# [The data]

• • • • • • •

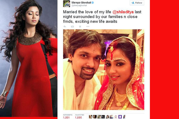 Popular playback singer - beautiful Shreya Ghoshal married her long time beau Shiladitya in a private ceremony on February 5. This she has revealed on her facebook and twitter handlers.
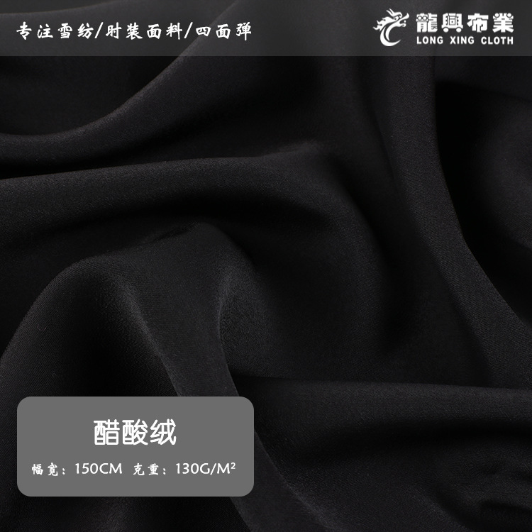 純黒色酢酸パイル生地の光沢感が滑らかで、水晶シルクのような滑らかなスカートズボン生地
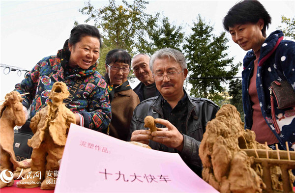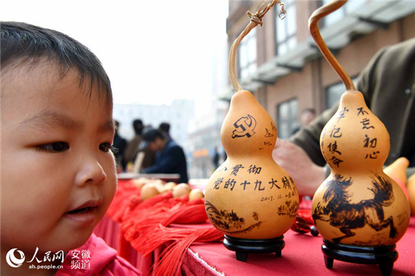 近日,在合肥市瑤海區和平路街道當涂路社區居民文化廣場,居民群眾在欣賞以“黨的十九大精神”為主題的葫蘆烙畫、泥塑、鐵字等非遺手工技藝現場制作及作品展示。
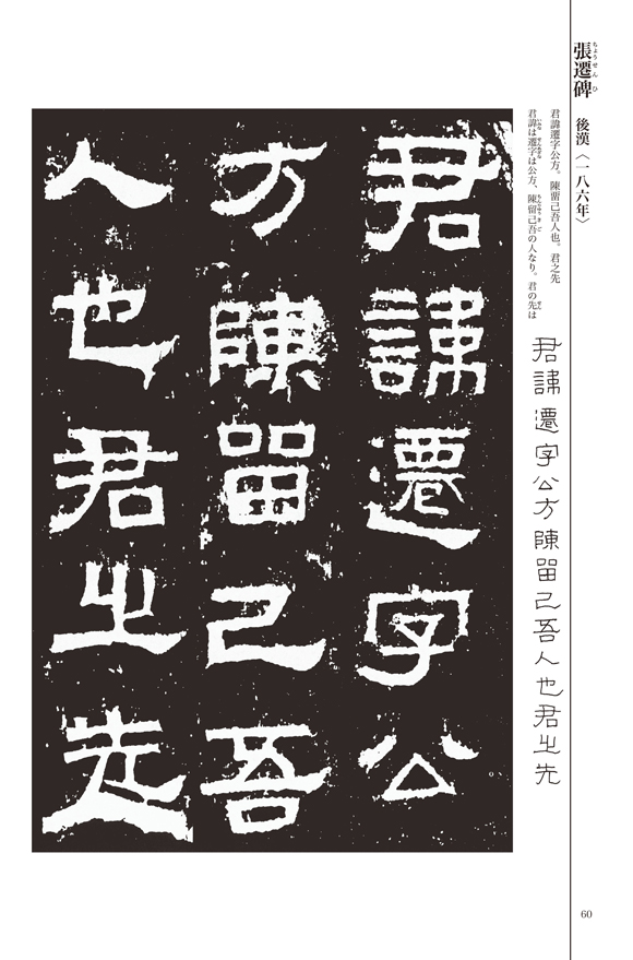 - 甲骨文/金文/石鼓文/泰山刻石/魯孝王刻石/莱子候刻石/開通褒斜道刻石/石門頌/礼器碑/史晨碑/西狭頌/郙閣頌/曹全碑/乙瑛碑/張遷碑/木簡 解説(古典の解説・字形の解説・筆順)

• • • • • • •

An exact copy of every line above is needed, without the images.

 Popular playback singer - beautiful Shreya Ghoshal married her long time beau Shiladitya in a private ceremony on February 5. This she has revealed on her facebook and twitter handlers.
 純黒色酢酸パイル生地の光沢感が滑らかで、水晶シルクのような滑らかなスカートズボン生地
 近日,在合肥市瑤海區和平路街道當涂路社區居民文化廣場,居民群眾在欣賞以“黨的十九大精神”為主題的葫蘆烙畫、泥塑、鐵字等非遺手工技藝現場制作及作品展示。
 - 甲骨文/金文/石鼓文/泰山刻石/魯孝王刻石/莱子候刻石/開通褒斜道刻石/石門頌/礼器碑/史晨碑/西狭頌/郙閣頌/曹全碑/乙瑛碑/張遷碑/木簡 解説(古典の解説・字形の解説・筆順)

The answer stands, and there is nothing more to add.